Talk I:Future Mobility: Integrating Data-Driven and Control Methods into Automotive Decision-Making Systems
Time:Monday, 16 December 2019 9:00 a.m. to 11:00 a.m.
Venue: Lecture Hall, 2nd Floor, Zoon A, Advanced Control Base, Nanling Campus
Abstract: Data is everywhere. Modern vehicles are equipped with hundreds of sophisticated sensors that offer necessary information for various functionalities. With vehicle connectivity, these vehicles can be exploited as mobile platforms to crowdsource real-time road and traffic information, which can be utilized to enhance the automotive decision-making systems for improved safety, efficient energy, and ride comfort.
In this talk, I will first present the Vehicle-to-Cloud-to-Vehicle framework and discuss its opportunities and challenges. The focus of the talk will be the exploitation of automotive vehicles to crowd-source road information for collaborative comfort and energy harvesting. I will also talk about some recent work on online driver identification as well as integrating learning and control for efficient system identification and controls.
Talk II:NextGen Modeling and Control: Integrating Real-Time Learning with Control Theory
Time:Tuesday, 17 December 2019 9:00 a.m. to 11:00 a.m.

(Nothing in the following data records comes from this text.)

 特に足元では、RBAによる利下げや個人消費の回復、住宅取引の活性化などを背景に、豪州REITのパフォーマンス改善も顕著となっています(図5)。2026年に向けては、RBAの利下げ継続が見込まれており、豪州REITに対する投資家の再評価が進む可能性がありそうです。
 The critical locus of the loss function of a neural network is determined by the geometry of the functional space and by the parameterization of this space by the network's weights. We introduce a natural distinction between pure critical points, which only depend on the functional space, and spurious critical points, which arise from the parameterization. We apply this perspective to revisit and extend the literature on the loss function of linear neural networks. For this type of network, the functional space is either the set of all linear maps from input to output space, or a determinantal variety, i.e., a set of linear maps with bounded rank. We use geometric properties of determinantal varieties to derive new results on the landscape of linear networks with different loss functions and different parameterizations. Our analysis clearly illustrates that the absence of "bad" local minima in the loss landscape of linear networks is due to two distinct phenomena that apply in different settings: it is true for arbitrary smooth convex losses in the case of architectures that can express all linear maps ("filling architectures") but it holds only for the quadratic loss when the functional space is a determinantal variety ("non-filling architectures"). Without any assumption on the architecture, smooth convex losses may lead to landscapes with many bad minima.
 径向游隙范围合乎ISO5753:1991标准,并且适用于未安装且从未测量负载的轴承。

Venue:School of Artificial Intelligence (Lecture Hall, 6th Floor, Administration Building, Central Campus)
Abstract: While complex engineering systems incorporate first principles based on physical models, they may not make full use of relevant information from real-time data. Exclusively data-driven approaches to complex engineering systems may lead to incorrect and uninformed decisions as they do not incorporate useful information from the engineering and physical models. A hybrid approach that uses real-time data, in conjunction with basic physical and engineering constraints, has the promise to overcome these limitations and can lead to significantly improved decision capabilities.
In the first part of this talk, I will present an online nonlinear system identification algorithm that can simultaneously identify local linear models as well as their validity zones with minimum calibration efforts. It is enabled by integrating an online clustering algorithm with recursive least squares. In the second part of this talk, I will present a safe Reinforcement Learning framework where we learn a safe policy safely by exploiting the system.

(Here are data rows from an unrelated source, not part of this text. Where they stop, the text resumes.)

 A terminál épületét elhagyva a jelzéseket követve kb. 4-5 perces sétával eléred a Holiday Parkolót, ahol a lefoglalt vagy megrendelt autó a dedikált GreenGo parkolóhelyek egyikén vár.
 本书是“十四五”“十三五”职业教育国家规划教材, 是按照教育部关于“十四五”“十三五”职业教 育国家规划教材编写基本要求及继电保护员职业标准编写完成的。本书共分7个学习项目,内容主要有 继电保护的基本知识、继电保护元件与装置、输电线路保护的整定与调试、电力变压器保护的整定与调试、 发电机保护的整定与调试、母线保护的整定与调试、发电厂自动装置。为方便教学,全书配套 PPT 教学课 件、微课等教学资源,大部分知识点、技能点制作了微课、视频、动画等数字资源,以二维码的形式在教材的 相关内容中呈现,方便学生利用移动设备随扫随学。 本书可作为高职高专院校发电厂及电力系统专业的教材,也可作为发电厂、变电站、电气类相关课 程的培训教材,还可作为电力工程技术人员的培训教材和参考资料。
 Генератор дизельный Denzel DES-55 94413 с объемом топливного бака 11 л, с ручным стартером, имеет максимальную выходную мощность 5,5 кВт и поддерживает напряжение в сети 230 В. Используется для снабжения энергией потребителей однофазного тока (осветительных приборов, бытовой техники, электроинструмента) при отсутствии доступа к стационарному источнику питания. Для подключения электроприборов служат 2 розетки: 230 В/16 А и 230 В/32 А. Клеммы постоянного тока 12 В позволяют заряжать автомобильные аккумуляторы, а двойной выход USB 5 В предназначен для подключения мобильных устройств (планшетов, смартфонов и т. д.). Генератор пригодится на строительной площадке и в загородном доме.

BIO:Dr. Zhaojian Li is an Assistant Professor in the Department of Mechanical Engineering at Michigan State University. He obtained M.S. (2013) and Ph.D. (2015) in Aerospace Engineering (flight dynamics and control) at the University of Michigan, Ann Arbor. As an undergraduate, Dr. Li studied at Nanjing University of Aeronautics and Astronautics, Department of Civil Aviation, China. Dr. Li worked as an algorithm engineer at General Motors from January 2016 to July 2017. His research interests include Learning-based Control, Nonlinear and Complex Systems, and Robotics and Automated Vehicles. He is the author of more than 20 top journal articles and several patents. He is currently the Associate Editor for Journal of Evolving Systems, American Control Conference, and ASME Dynamics and Control Conference.